Exercise description ::
Write the data out again exactly, with every picture removed.

Data extract ::

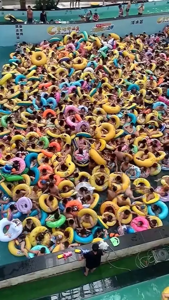 Video footage of Heiyuhu Water Amusement Park in the city of Daqing in Heilongjiang Province, northeast China, shows attendees on 7 August resembling ‘fruit loops cereal’ as they piled on top of each other in the water.
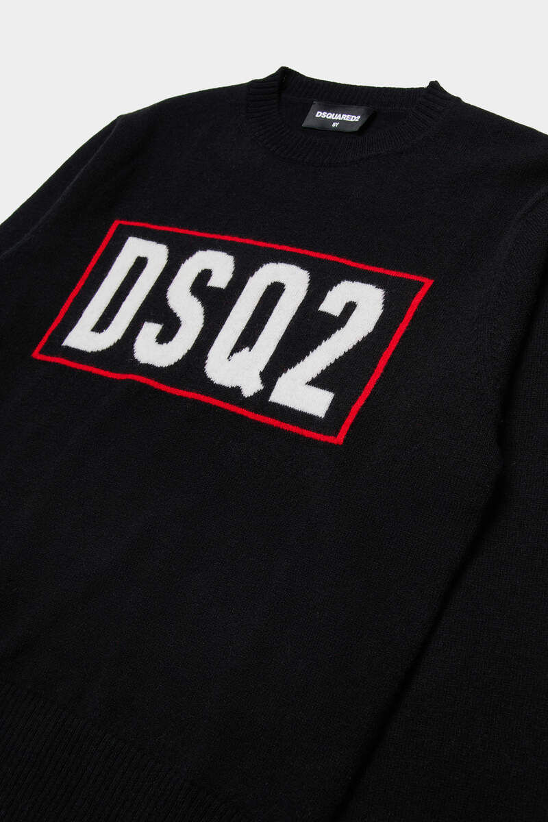 Maglia Dsquared2 Kids realizzata in lana merino con logo, girocollo e bordi a coste.
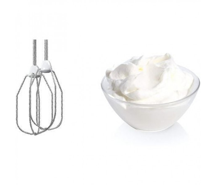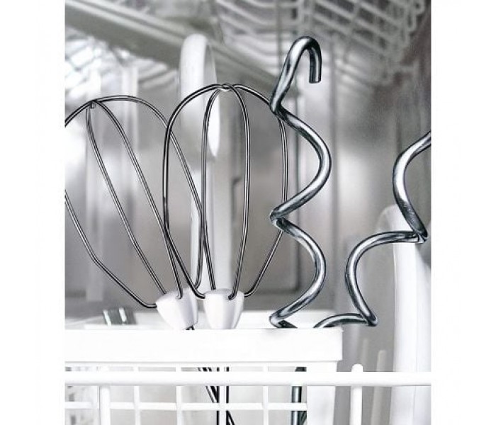 Equipada con dos varillas batidoras y dos garfios amasadores.

Solution to this task ::
 Video footage of Heiyuhu Water Amusement Park in the city of Daqing in Heilongjiang Province, northeast China, shows attendees on 7 August resembling ‘fruit loops cereal’ as they piled on top of each other in the water.
 Maglia Dsquared2 Kids realizzata in lana merino con logo, girocollo e bordi a coste.
 Equipada con dos varillas batidoras y dos garfios amasadores.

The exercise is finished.